15. R(3,2)                        0.828697594  0.003977519    208.34536  0.00000000



garch(p=1,q=1,mv=dcc)  / xjpn xfra xsui


DCC ("Dynamic Conditional Correlations") was proposed by Engle(2002) to handle a bigger set of variables than the more fully parameterized models (such as DVECH and BEKK), without requiring the conditional correlations to be constant as in the CC. This adds two scalar parameters which govern a “GARCH(1,1)” model on the covariance matrix as a whole:


\({{\bf{Q}}_t} = (1 - a - b){\kern 1pt} {{\bf{\bar Q}}} + a{u_{t - 1}}{u'_{t - 1}} + b{\kern 1pt} {{\bf{Q}}_{t - 1}}\)


where \({{\bf{\bar Q}}}\) is the unconditional covariance matrix. However, \({\bf{Q}}\) isn’t the sequence of covariance matrices. Instead, it is used solely to provide the correlation matrix. The actual \({\bf{H}}\) matrix is generated using univariate GARCH models for the variances (controlled by the VARIANCES option), combined with the correlations produced by the \({\bf{Q}}\):


\({{\bf{H}}_{ij}}_{,t} = {{\bf{Q}}_{ij,t}}\frac{{\sqrt {{{\bf{H}}_{ii,t}}{{\bf{H}}_{jj,t}}} }}{{\sqrt {{{\bf{Q}}_{ii,t}}{{\bf{Q}}_{jj,t}}} }}\)

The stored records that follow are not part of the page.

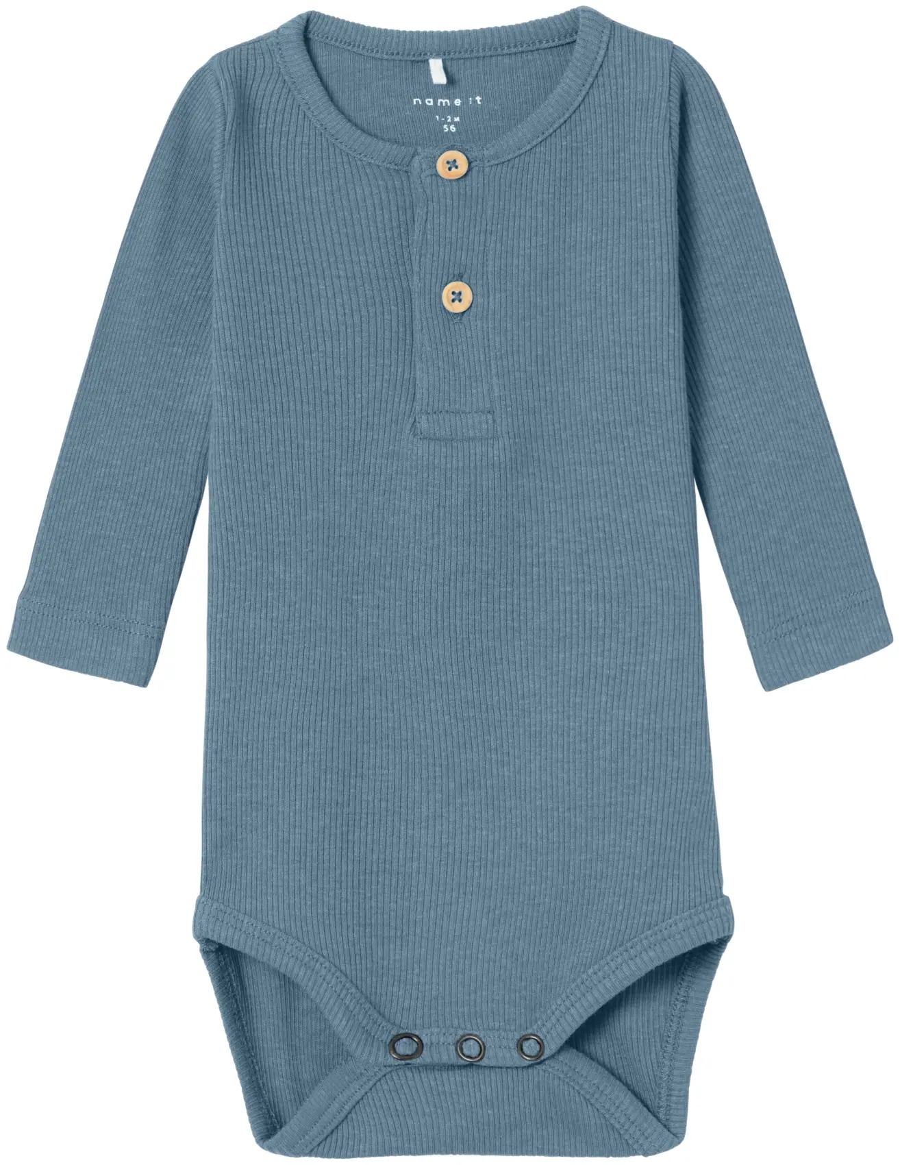 Name It bodyen er i en flot blå nuance og er lavet med rib og to knapper foran.
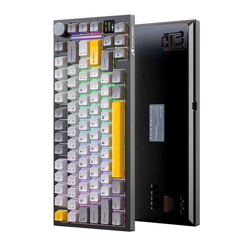 O Attack Shark X820 Ultra é um teclado mecânico de 75% com layout compacto, oferecendo múltiplas formas de conexão (wireless 2,4 GHz, Bluetooth, ou cabo USB-C), ideal para quem quer liberdade no setup.
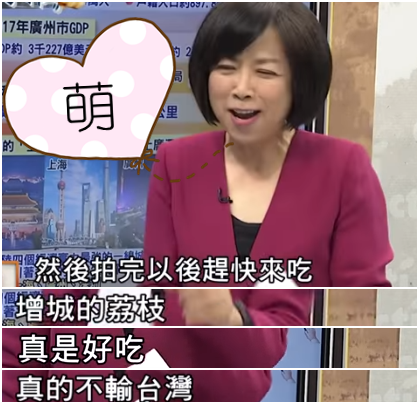 節目中,黃智賢還特別提到一個“小花絮”,采訪廣州臺商時,她竟被一盤荔枝“迷住了”。
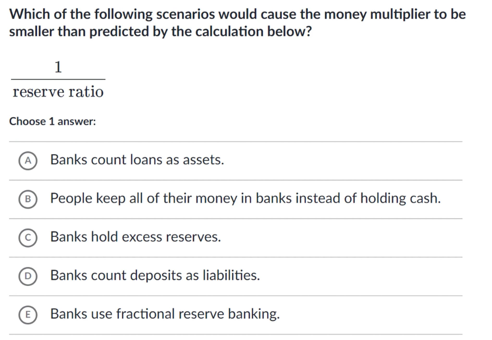 (E) Banks use fractional reserve banking.
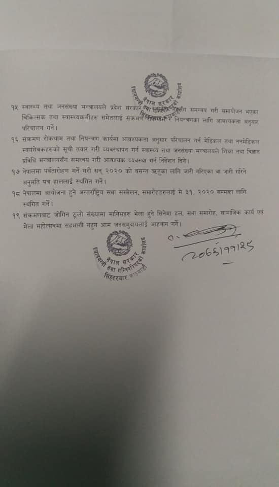 १८. नेपालमा आयोजना हुने अन्तर्रा्ष्ट्रिय सभा सम्मेलन समारोहहरूलाई मे ३१ २०२० सम्मका लागि स्थगित गर्ने ।
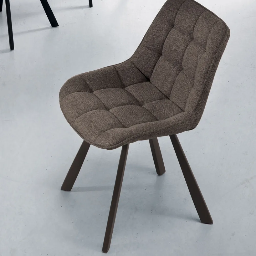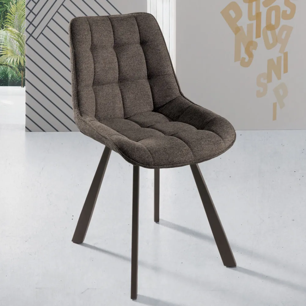 Gepolsterter Esszimmerstuhl und 4-teilige Metallstruktur.
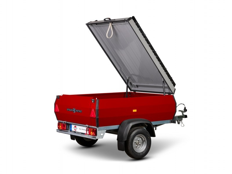 You can attach the crossbeams of the roof railing below or above the longitudinal beams, making it easy for the RETRO to adapt to your goods. When unloading bulk goods, it also helps with the STEMA tilting drawbar. The STEMA RETRO can easily be placed at an angle. Furthermore, the rear wall can not only be folded but also completely unhooked, making your life easier.
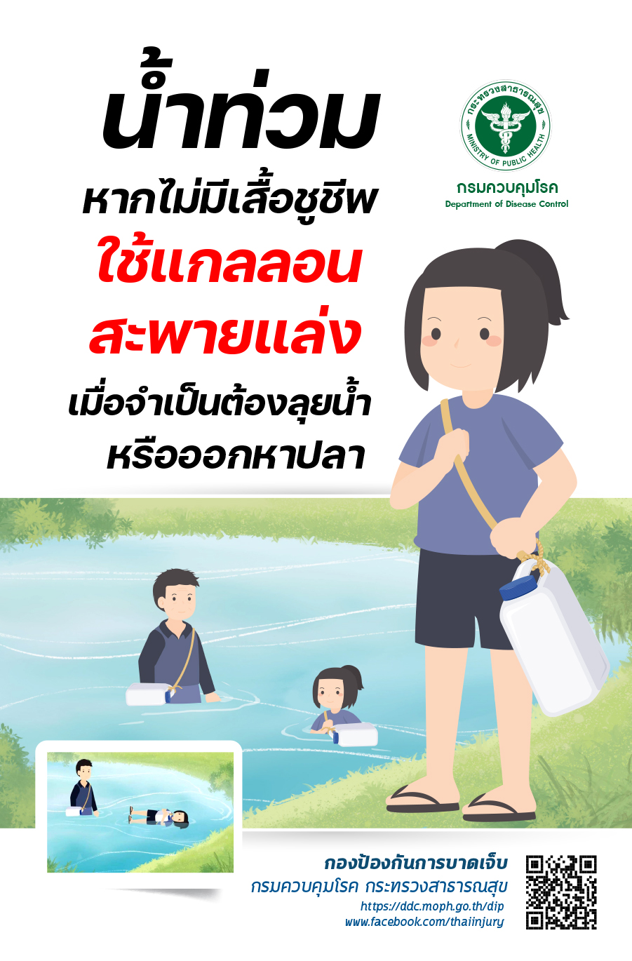 และ 5. หากต้องโดยสารเรือหรือเดินทางทางน้ำ ต้องสวมเสื้อชูชีพทุกครั้ง กรณีถ้าไม่มีให้ใช้อุปกรณ์ที่ลอยน้ำได้ เช่น ถังแกลลอนพลาสติกเปล่าปิดฝาผูกเชือก ขนาด 5 ลิตร สะพายแล่งแทน

Engle's proposal was to estimate this in two stages, with the univariate GARCH models done first followed by estimating the a and b (and thus the dynamic correlations) in a second stage. This gives consistent, but not efficient estimates, but has the advantage that it can be applied to very large numbers of variables. The disadvantage (other than statistically inefficiency) is that only a limit number of univariate variance models can be used in the two step approach: of the five offered by RATS, only VARIANCES=SIMPLE and VARIANCES=EXPONENTIAL would work since the others have interaction terms. As a result, the GARCH instruction with MV=DCC does a full maximum likelihood estimation of all the coefficients.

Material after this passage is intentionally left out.